(EXCERPTED DATA)

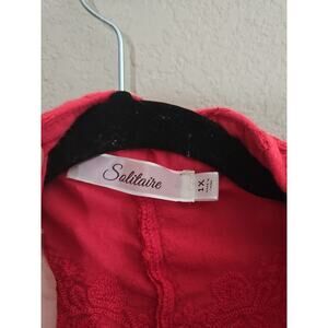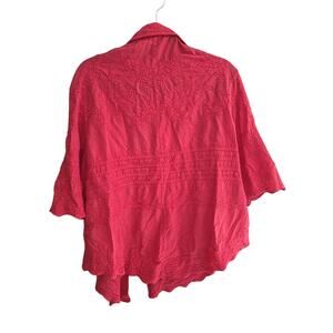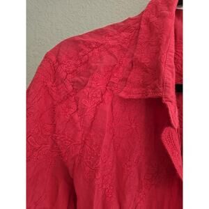 Solitaire Pink Embroidered Floral Short Sleeve Button Front Top Womans Size 1X. Pre-owned
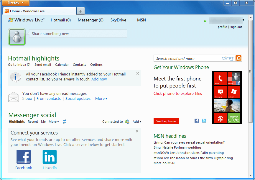 If you opted to send feedback, you will be asked a series of questions after which you will be taken to Hotmail; if you opted to not send feedback, you will be taken directly to Hotmail:
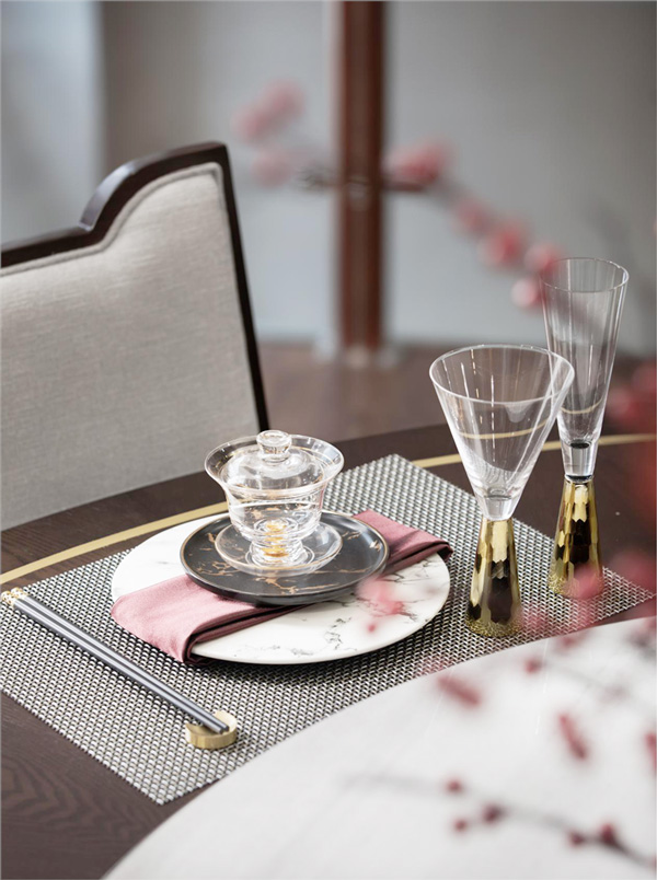 中華民族有著自己的民族特色和文化背景以及飲食習(xí)慣。在中式餐廳中經(jīng)常會(huì)運(yùn)用藻井、斗拱、中國(guó)書畫、傳統(tǒng)紋樣、宮燈、紅色等這些具有中國(guó)傳統(tǒng)特色的符號(hào),加上傳統(tǒng)園林的空間劃分與組織方式來塑造和裝飾,以營(yíng)造中國(guó)傳統(tǒng)餐飲文化的氛圍。
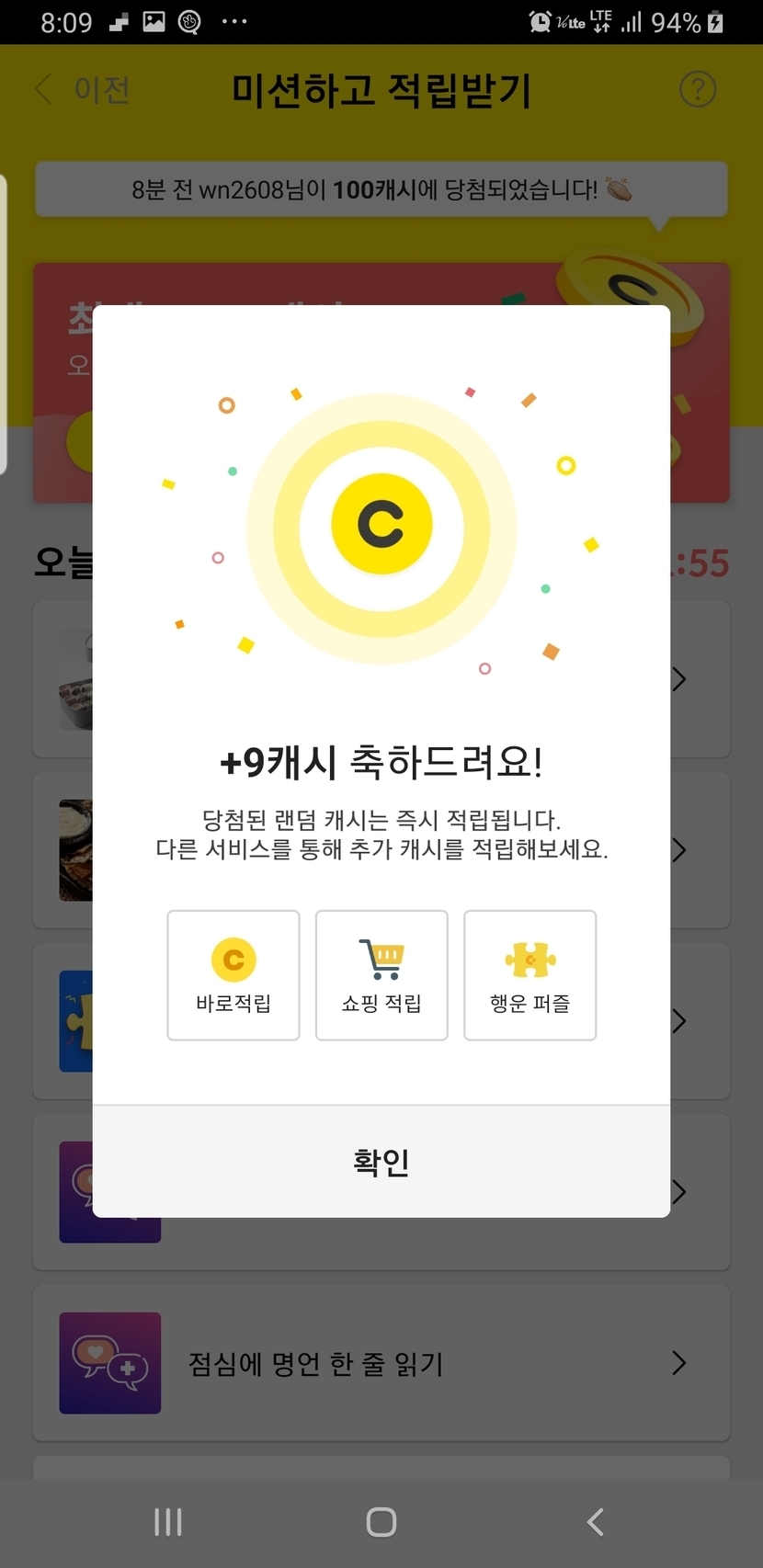 오늘도 즐겁게 미션완료하고 캐시 얻고 가네요
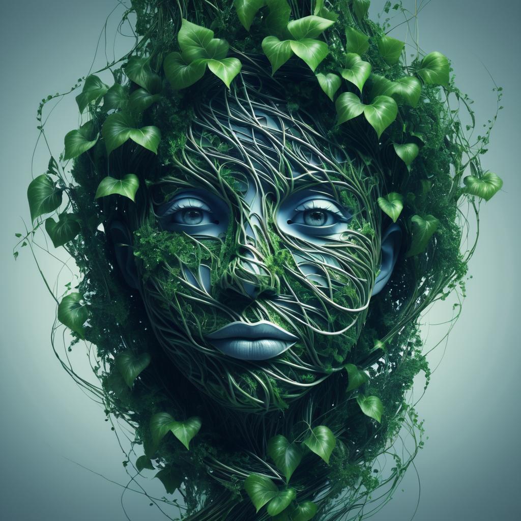 A face made of twisted vines, surreal digital composition with detailed particles.

(TASK) Reprint the listing above verbatim but drop the images.

(ANSWER TO THIS TASK)
 Solitaire Pink Embroidered Floral Short Sleeve Button Front Top Womans Size 1X. Pre-owned
 If you opted to send feedback, you will be asked a series of questions after which you will be taken to Hotmail; if you opted to not send feedback, you will be taken directly to Hotmail:
 中華民族有著自己的民族特色和文化背景以及飲食習(xí)慣。在中式餐廳中經(jīng)常會(huì)運(yùn)用藻井、斗拱、中國(guó)書畫、傳統(tǒng)紋樣、宮燈、紅色等這些具有中國(guó)傳統(tǒng)特色的符號(hào),加上傳統(tǒng)園林的空間劃分與組織方式來塑造和裝飾,以營(yíng)造中國(guó)傳統(tǒng)餐飲文化的氛圍。
 오늘도 즐겁게 미션완료하고 캐시 얻고 가네요
 A face made of twisted vines, surreal digital composition with detailed particles.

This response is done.